MedSAGa: Few-shot Memory Efficient Medical Image Segmentation using Gradient Low-Rank Projection in SAM
Navyansh Mahla, Annie D'souza, Shubh Gupta, Bhavik Kanekar, Kshitij Sharad Jadhav
TL;DR
MedSAGa tackles memory and data constraints in medical image segmentation by integrating Gradient Low-Rank Projection (GaLore) with the Segment Anything Model (SAM) to enable memory-efficient, few-shot fine-tuning of the image encoder. The prompt encoder and mask decoder are fine-tuned conventionally, preserving a lightweight training footprint while producing multiple masks that are fused into precise segmentation maps for $k$ classes. Across four diverse datasets, MedSAGa achieves substantial memory savings (about 66% more efficient on average) with segmentation performance competitive to SOTA baselines such as SAMed and DAE-Former in low-data regimes. This work demonstrates the practicality of GaLore-enabled ViT fine-tuning for medical image segmentation, enabling deployment on memory-constrained hardware without sacrificing accuracy.
Abstract
The application of large-scale models in medical image segmentation demands substantial quantities of meticulously annotated data curated by experts along with high computational resources, both of which are challenges in resource-poor settings.
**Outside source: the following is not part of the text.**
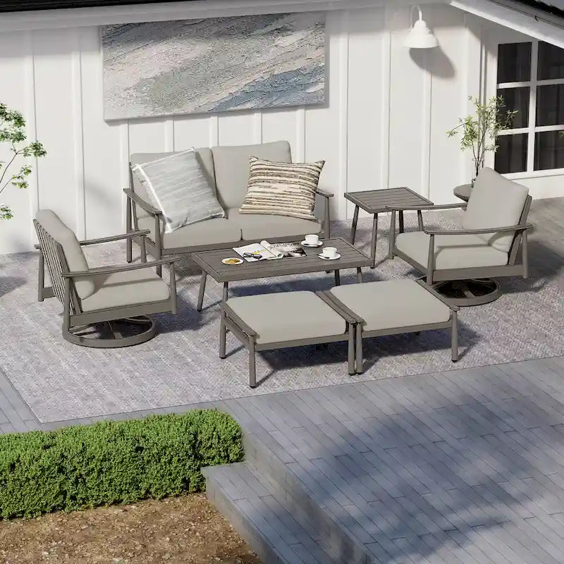 7-Piece Aluminum Patio Conversation Set, Loveseat with Ottomans, 2 Swivel Armchairs and Coffee Table
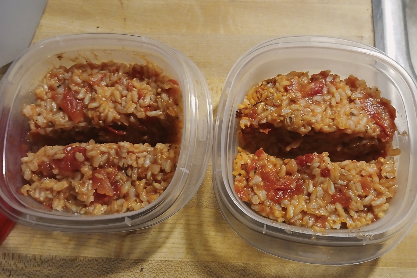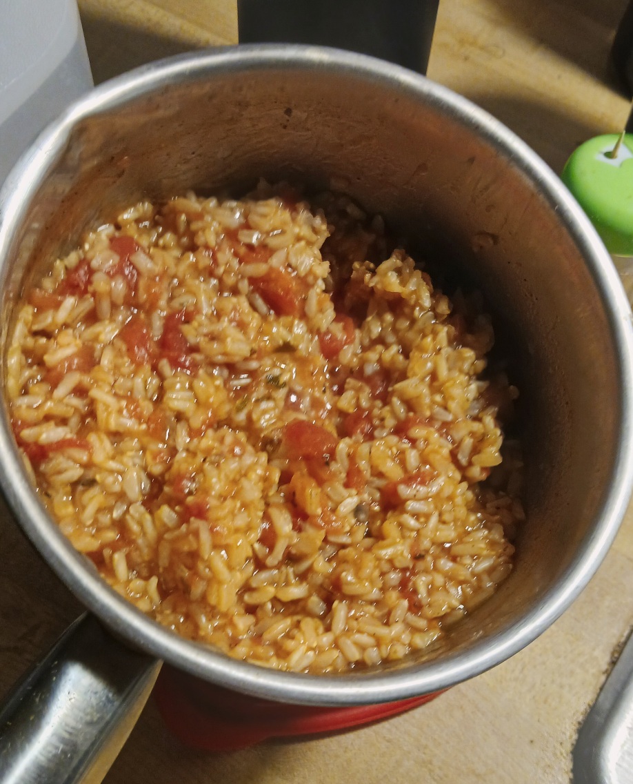 Since the tiny fridge didn’t freeze the rice yet, I added a little extra water to keep the rice from burning.

In this study, we present the Medical Segment Anything Model with Galore MedSAGa where we adopt the Segment Anything Model (SAM) to achieve memory-efficient, few-shot medical image segmentation by applying Gradient Low-Rank Projection GaLore to the parameters of the image encoder of SAM. Meanwhile, the weights of the prompt encoder and mask decoder undergo full parameter fine-tuning using standard optimizers. We further assess MedSAGa's few-shot learning capabilities, reporting on its memory efficiency and segmentation performance across multiple standard medical image segmentation datasets. We compare it with several baseline models, including LoRA fine-tuned SAM (SAMed) and DAE-Former. Experiments across multiple datasets and these baseline models with different number of images for fine tuning demonstrated that the GPU memory consumption of MedSAGa is significantly less than that of the baseline models, achieving an average memory efficiency of 66% more than current state-of-the-art (SOTA) models for medical image segmentation. The combination of substantially lower memory requirements and comparable to SOTA results in few-shot learning for medical image segmentation positions MedSAGa as an optimal solution for deployment in resource-constrained settings.